--- Data extracts ---

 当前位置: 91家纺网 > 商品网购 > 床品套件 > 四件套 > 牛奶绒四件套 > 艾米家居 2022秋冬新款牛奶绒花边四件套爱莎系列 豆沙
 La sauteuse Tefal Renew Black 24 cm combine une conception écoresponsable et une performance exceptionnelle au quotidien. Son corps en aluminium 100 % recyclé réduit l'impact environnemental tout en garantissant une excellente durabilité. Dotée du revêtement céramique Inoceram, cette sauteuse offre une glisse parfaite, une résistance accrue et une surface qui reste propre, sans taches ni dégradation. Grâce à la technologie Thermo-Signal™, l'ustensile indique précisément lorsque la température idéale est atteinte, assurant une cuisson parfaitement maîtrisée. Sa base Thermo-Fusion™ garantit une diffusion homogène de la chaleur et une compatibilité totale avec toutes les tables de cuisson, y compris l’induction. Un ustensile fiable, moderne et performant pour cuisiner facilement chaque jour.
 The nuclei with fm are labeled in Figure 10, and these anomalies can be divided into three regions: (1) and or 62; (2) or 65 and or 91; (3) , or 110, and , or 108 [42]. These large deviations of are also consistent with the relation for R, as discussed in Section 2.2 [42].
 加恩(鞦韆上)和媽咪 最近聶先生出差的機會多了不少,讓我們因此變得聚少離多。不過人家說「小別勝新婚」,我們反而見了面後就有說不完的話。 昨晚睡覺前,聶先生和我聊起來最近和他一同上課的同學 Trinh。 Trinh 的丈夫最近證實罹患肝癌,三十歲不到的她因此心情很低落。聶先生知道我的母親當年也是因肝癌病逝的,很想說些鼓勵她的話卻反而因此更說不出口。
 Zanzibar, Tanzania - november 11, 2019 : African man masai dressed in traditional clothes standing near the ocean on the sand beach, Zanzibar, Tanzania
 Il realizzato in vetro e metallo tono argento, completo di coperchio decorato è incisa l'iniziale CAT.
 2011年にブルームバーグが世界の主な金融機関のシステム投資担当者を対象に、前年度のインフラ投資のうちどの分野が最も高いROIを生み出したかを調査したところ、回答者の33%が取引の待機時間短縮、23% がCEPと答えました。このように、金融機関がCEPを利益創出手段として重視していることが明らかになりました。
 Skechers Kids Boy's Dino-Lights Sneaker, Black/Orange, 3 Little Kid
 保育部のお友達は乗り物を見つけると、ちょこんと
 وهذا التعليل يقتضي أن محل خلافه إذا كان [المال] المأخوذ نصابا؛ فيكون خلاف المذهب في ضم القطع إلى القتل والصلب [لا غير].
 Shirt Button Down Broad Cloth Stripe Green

---

- Your assignment
Extract exactly and only the lines above from the line containing "2011年にブルームバーグが" through the line containing "保育部のお友達は乗り物を見つけると、ちょこんと", both end lines included.

- Output for this exercise
 2011年にブルームバーグが世界の主な金融機関のシステム投資担当者を対象に、前年度のインフラ投資のうちどの分野が最も高いROIを生み出したかを調査したところ、回答者の33%が取引の待機時間短縮、23% がCEPと答えました。このように、金融機関がCEPを利益創出手段として重視していることが明らかになりました。
 Skechers Kids Boy's Dino-Lights Sneaker, Black/Orange, 3 Little Kid
 保育部のお友達は乗り物を見つけると、ちょこんと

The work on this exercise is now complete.